Any system complex enough to be useful has to be embedded in an ever more complex system. The age of mobile phone internet rests on the shoulders of an immense and enormously complex supply chain.
LLMs are capturing low entropy from data online and distilling it for you while producing a shitton of entropy on the backend. All the water and energy dissipated at data centers, all the supply chains involved in building GPUs at the rate we are building. There will be no magical moment when it's gonna yield more low entropy than what we put in on the other side as training data, electricity and clean water.
When companies sell ideas like 'AGI' or 'self driving cars' they are essentially promising you can do away with the complexity surrounding a complex solution. They are promising they can deliver low entropy on a tap without paying for it in increased entropy elsewhere. It's physically impossible.

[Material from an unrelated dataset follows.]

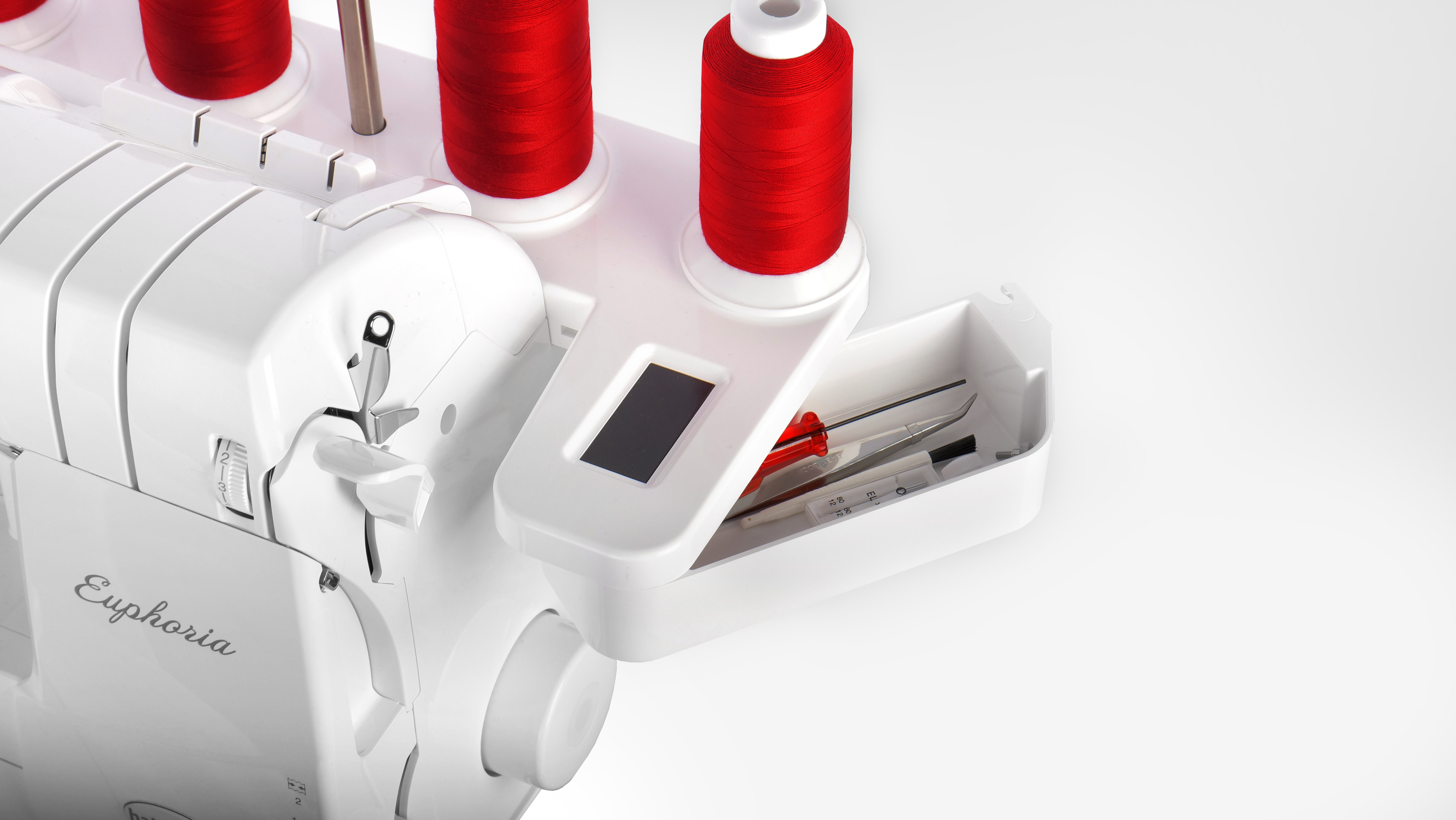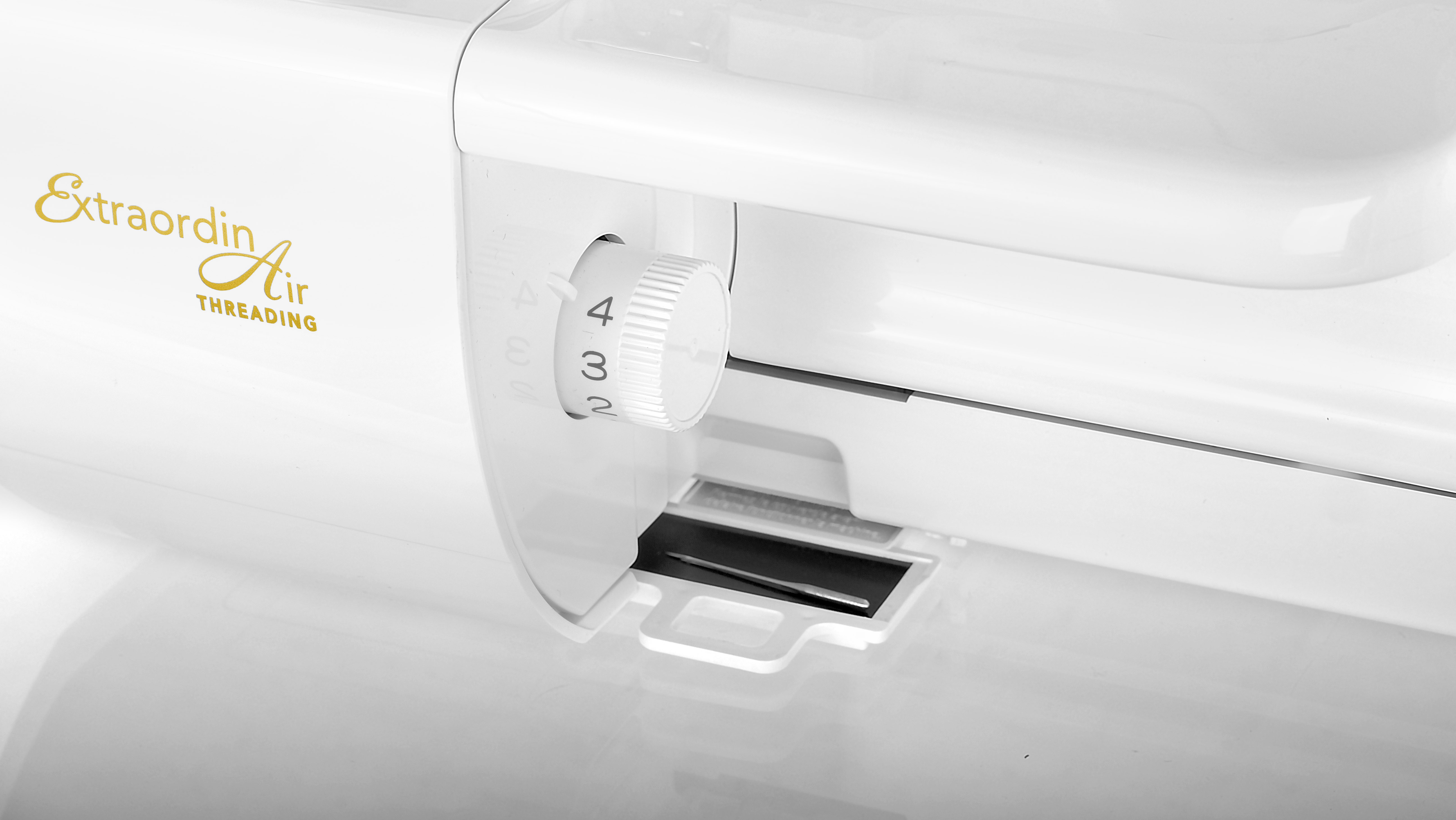 De Euphoria heeft een innovatief luchtinrijgsysteem. Met het ExtraordinAir-systeem rijgt een compressor, die met één druk op de knop wordt geactiveerd, de grijperdraad betrouwbaar en snel in. Het heeft ook een ingenieuze mechanische naaldinrijger, waardoor de draden in slechts drie eenvoudige stappen in het juiste oog terechtkomen. Beide systemen zorgen ervoor dat het inrijgen van de Euphoria kinderspel is. Selecteer gewoon de gewenste draad, breng deze in, druk op de bijbehorende knop en de draad wordt automatisch ingeregen.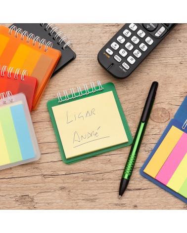 Bloco de anotações em plástico.

October 9. Years ago someone recommended the book The Perception of the Environment by Tim Ingold. Since then I've been reading it sporadically, and I'm still only a fifth of the way through. It's a large book with small print, and dense -- not hard to read, but full of ideas that take mental effort to integrate. This is from chapter five, and it's basically the same as the above quote about AI:
Dogon cosmology envisages a kind of entropic system in which the maintenance of the village depends upon a continual inflow of vital force from the bush, which is worn down and used up in the process. If the village is a place of stability, where things stay put and proper distinctions are maintained, it is also a place of stagnation. In an almost exact inversion of the modern Western notion of food production as the manifestation of human knowledge and power over nature, here it is nature -- in the form of the bush -- that holds ultimate power over human life, while the cutivated fields and gardens are sites of consumption rather than production, where vital force is used up.

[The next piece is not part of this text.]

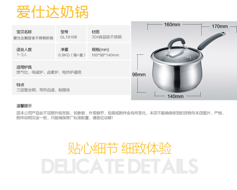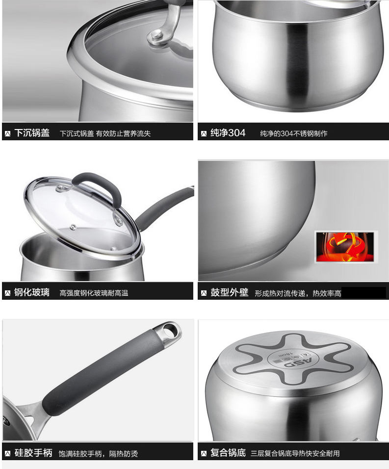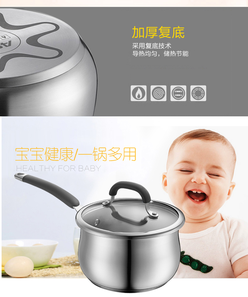 京东自营商超同款爱仕达(ASD) 小奶锅16CM泡面锅304不锈钢煮奶汤锅GL1916B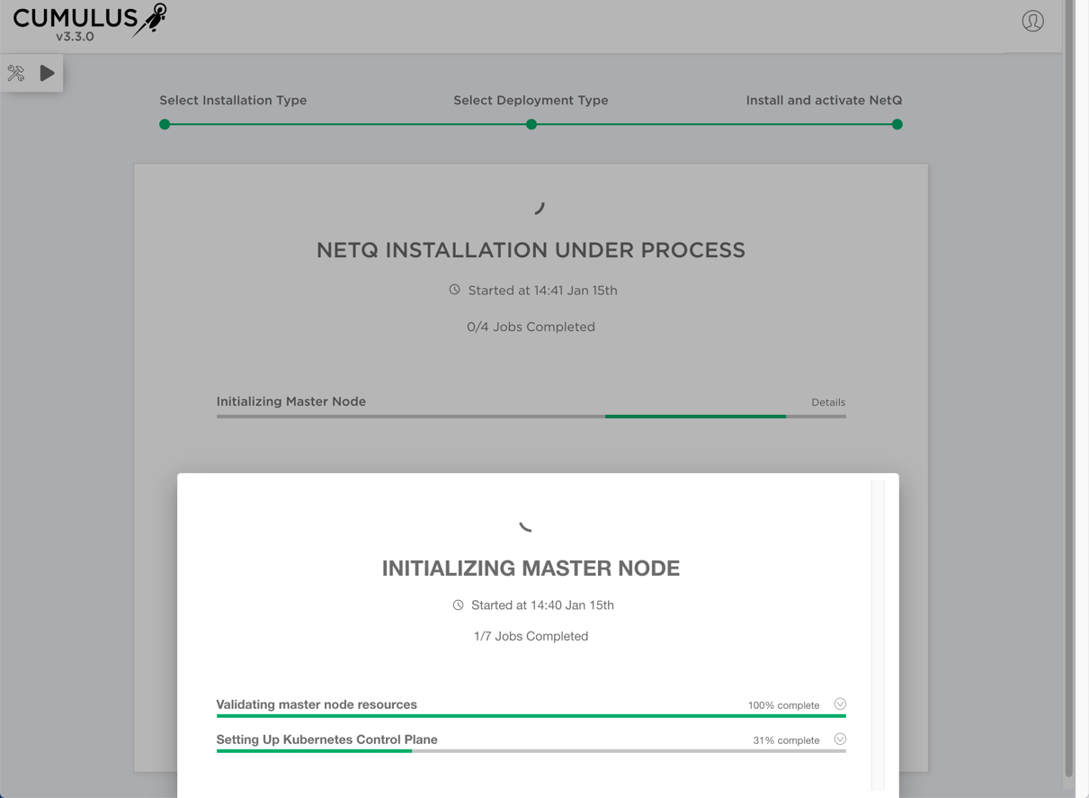 netq boostrap resetandnetq bootstrap mastercommands, then reopen the Admin UI to start installation again. - Yes: click

October 11. One more quote on the theme of the human-made world being less alive than the world outside it. This is from one of the letters of H.P. Lovecraft, after he explored a part of Manhattan that had not yet been turned into a grid street pattern.

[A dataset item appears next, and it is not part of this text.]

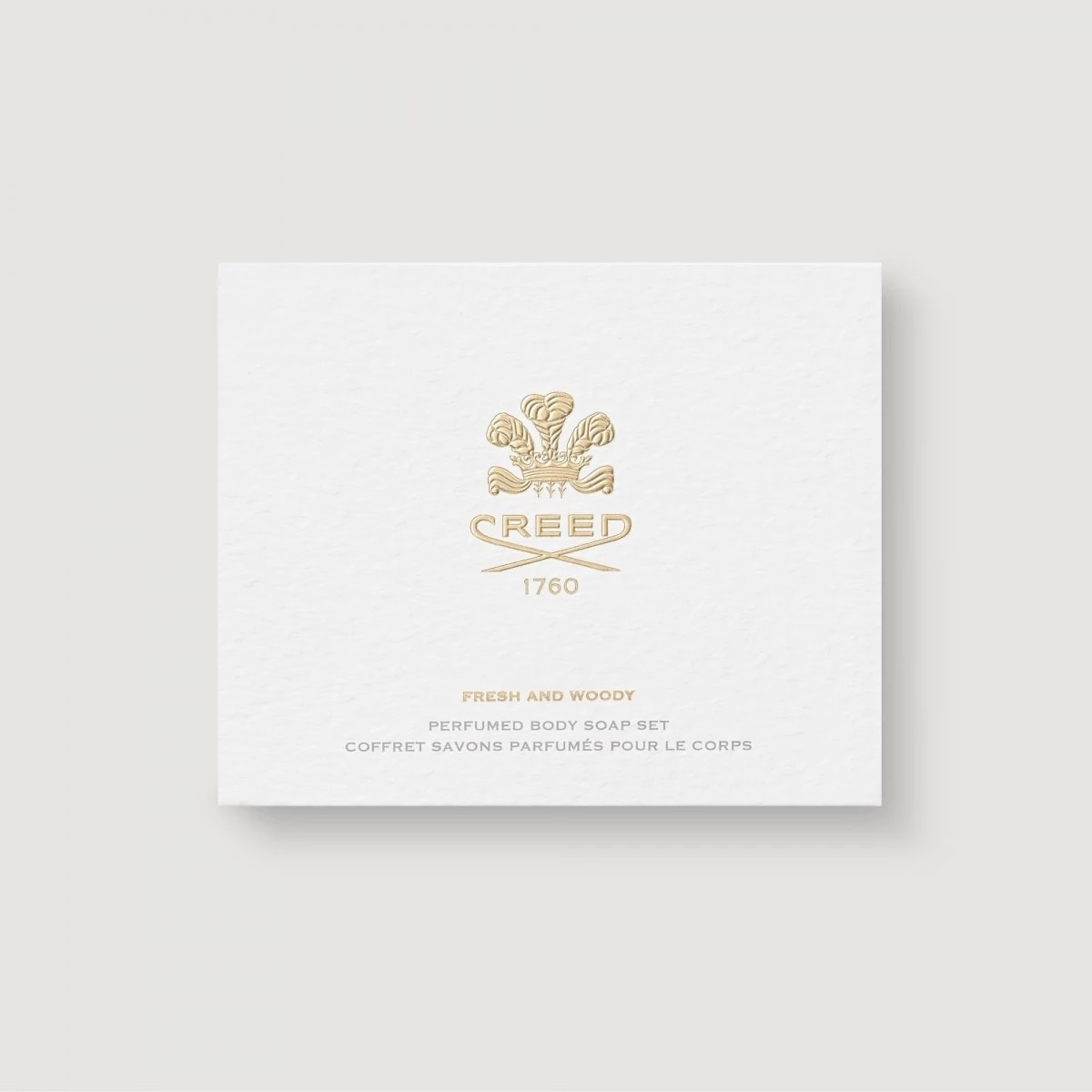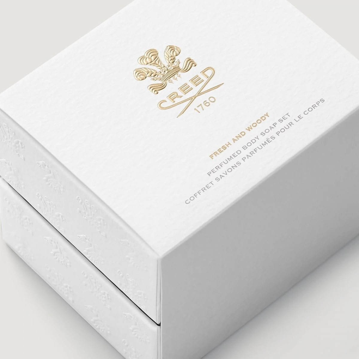 Offrez des moments de soin raffinés avec le coffret cadeau de savons parfumés Fresh & Woody, un trio de savons sélectionnés avec soin, infusés de fragrances prisées de Th eHouse of Creed: Aventus, Silver Mountain Water et Green Irish Tweed, trois cocktails de notes fraîches et boisées.

What awesome images are suggested by the existence of such secret cities within cities! Beholding this ingulph'd and search-defying fragment of yesterday, the active imagination conjures up endless weird possibilities - ancient and unremember'd towns still living in decay, swallow'd up by the stern business blocks that weary the superficial eye, and sometimes sending forth at twilight strains of ghostly music for whose source the modern city-dwellers seek in vain. Having seen this thing, one cannot look at an ordinary crowded street without wondering what surviving marvels may lurk unsuspected behind the prim and monotonous blocks.